Takehana H, Izumi T
Department of Internal Medicine, Kitasato University School of Medicine.
Nihon Rinsho. 2000 Jan;58(1):151-6.
Alcoholic heart disease is caused by a lifestyle in which alcoholics are continue to consume an excessive amount of alcohol over a long period of time. Total abstinence is a very effective way to treat them to prevent the development of the final stage of this disease. In contrast, repetitive drinking of massive amount of alcohol is very harmful and causes exacerbation of this disease. From our clinical studies, six candidates were nominated as symptoms of alcoholic heart disease, namely(1) tachyarrhythmias (incidence: 33%), (2) left ventricular hypokinesis(17%), (3) QT interval prolongation(17%), (4) hyperthickened LV wall(13%), (5) LV dilatation with pump failure: alcoholic cardiomyopathy(0.1%), and (6) sudden cardiac death (unknown %). In the beginning of alcoholic heart disease, the patient usually complains of no symptoms, and physical signs are quite poor. Ordinarily, either transient atrial fibrillation and/or left ventricular hypertrophy which is initially documented by electrocardiography or echocardiography is one of the first signals in the diagnosis. Without such early signals, an early diagnosis is impossible. To make a definite diagnosis of alcoholic heart disease, a clinical follow-up is by all means necessary. Improvement of cardiac function after total abstinence, it's worsening after drinking again, and again improvement after abstinence a second time is a diagnostic clue. In this follow-up study, electrocardiography and echocardiography were employed as important ways to gather date. In treatment, total abstinence is essential. To achieve this therapeutic goal, education of the patient is necessary, because approximately 70 per cent of patients with alcoholic heart disease fail to continue abstinence within two years even if they have good training.

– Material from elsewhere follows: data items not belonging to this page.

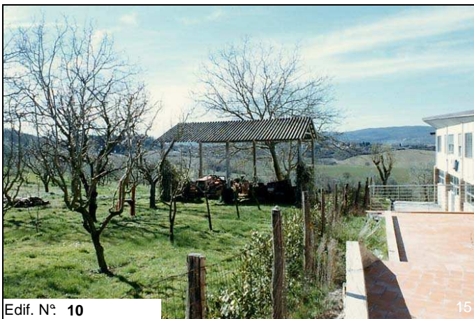
Edif. N° 10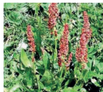
Boerenwormkruid ( Tanacetum vulgare )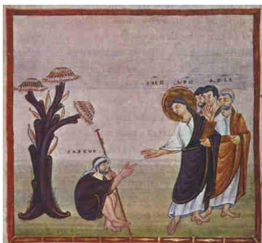
Ruodprecht, Salterio di Egbert , 980 ca.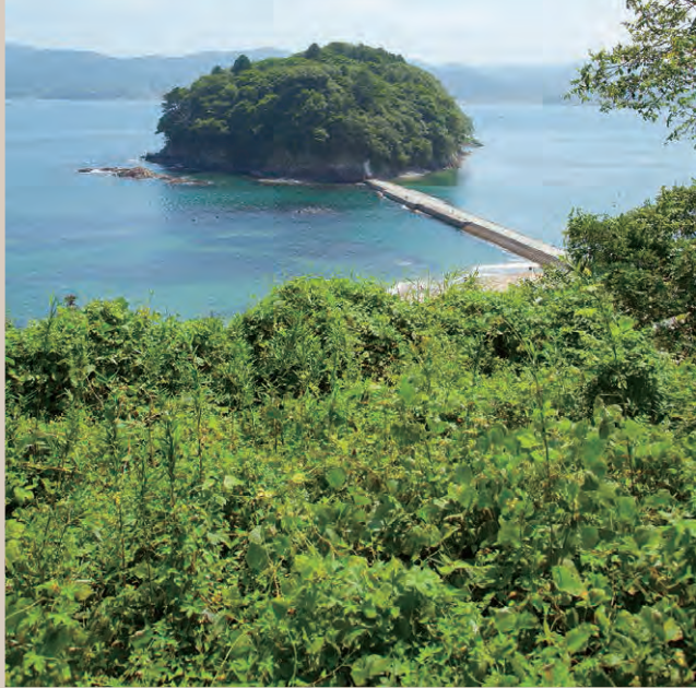
▲志津川湾に浮かぶ荒島。

The entire boundary of Minamisanriku is mountain ridgelines. All the rain that falls on the town goes to the sea. There is a grand view of rich mountains that nurture the blessings of a bountiful sea, a marvelous view of a beautiful ria coast line ... islands floating in the bay ... Surprising spectacles await us at the edge of Minamisanriku.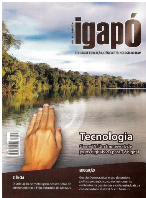
Figura 1: Capa da Revista Igapó

É importante o autor saber que a Revista Igapó é impressa e o tamanho mínimo de qualquer imagem, gráfico, fotografia ou ilustração deve ser de, no mínimo, 225 dpi. O artigo será devolvido para o autor se, na prova final da gráfica, as imagens apresentarem defeito na impressão devido a baixa resolução, pois tal ato compromete a qualidade da publicação. Abaixo, exemplo de uma imagem com resolução em 300 dpi.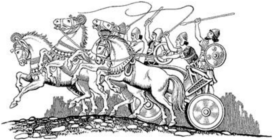
Malaga gbɔnwotoroye mbele shɔnye maa tilele (Eki 14.6)

ti a pɔ̀ malaga gbɔnwotoro wi pɔ̀ shɔn wa na, mɛɛ le ma kari, wo naa wi malingbɔɔnlɔ pe ni. 7 A wì suu malaga gbɔnwotoroye jɛmbele jɛmbele cɛnmɛ kɔ̀gɔ̀lɔni (600) le ma kari, pe ni fuun nungba nungba, malingbɔɔnlɔ taanrindaanri la pye wa pe ni. A Ezhipiti tara malaga gbɔnwotoroye sanmbala pè si taga pe na. 8 A Yawe Yɛnɛle li si Farawɔn wi kotogo ki nɔ̀gban wi na, Ezhipiti tara wunlunaɲa we. A wì si yiri ma taga Izirayeli woolo pe na, na pe puro. Ma sigi ta Izirayeli woolo pàa yiri ma kari pe yɔ̀lɔ̀gɔ̀ ki ni caw. 9 A Ezhipiti tara malingbɔɔnlɔ pe ni fuun, mbele pàa pye shɔn lugufenne, naa mbele pàa pye malaga gbɔnwotoroye pe ni, naa Farawɔn wi shɔnye pe ni, pè si taga Izirayeli woolo pe na, na pe puro, ma saa pe yigi wa Pi Ayirɔ̀ti ca ki tanla, wa Baali Zefɔn laga ki yesinmɛ na, wa kɔ̀gɔ̀je yɔ̀n ki na.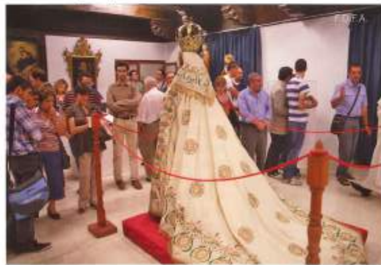
El Convento de los Dominicos fue el lugar elegido para albergar esta exposición.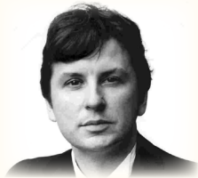
Twee barokke programma's:

酒精性心脏病是由一种生活方式引起的,即酗酒者长期持续过量饮酒。完全戒酒是治疗他们以预防该疾病发展到终末期的一种非常有效的方法。相比之下,反复大量饮酒非常有害,会导致该疾病恶化。根据我们的临床研究,有六种情况被认定为酒精性心脏病的症状,即:(1)快速性心律失常(发生率:33%),(2)左心室运动减弱(17%),(3)QT间期延长(17%),(4)左心室壁增厚(13%),(5)左心室扩张伴泵衰竭:酒精性心肌病(0.1%),以及(6)心源性猝死(未知百分比)。在酒精性心脏病初期,患者通常没有症状主诉,体征也很不明显。通常,最初通过心电图或超声心动图记录到的短暂性心房颤动和/或左心室肥厚是诊断的首批信号之一。没有这些早期信号,就不可能早期诊断。要明确诊断酒精性心脏病,临床随访是绝对必要的。完全戒酒之后心脏功能改善,再次饮酒后病情恶化,再次戒酒又改善,这是一个诊断线索。在这项随访研究中,心电图和超声心动图被用作收集数据的重要手段。在治疗方面,完全戒酒至关重要。为实现这一治疗目标,对患者进行教育是必要的,因为即使接受了良好的培训,约70%的酒精性心脏病患者在两年内仍无法持续戒酒。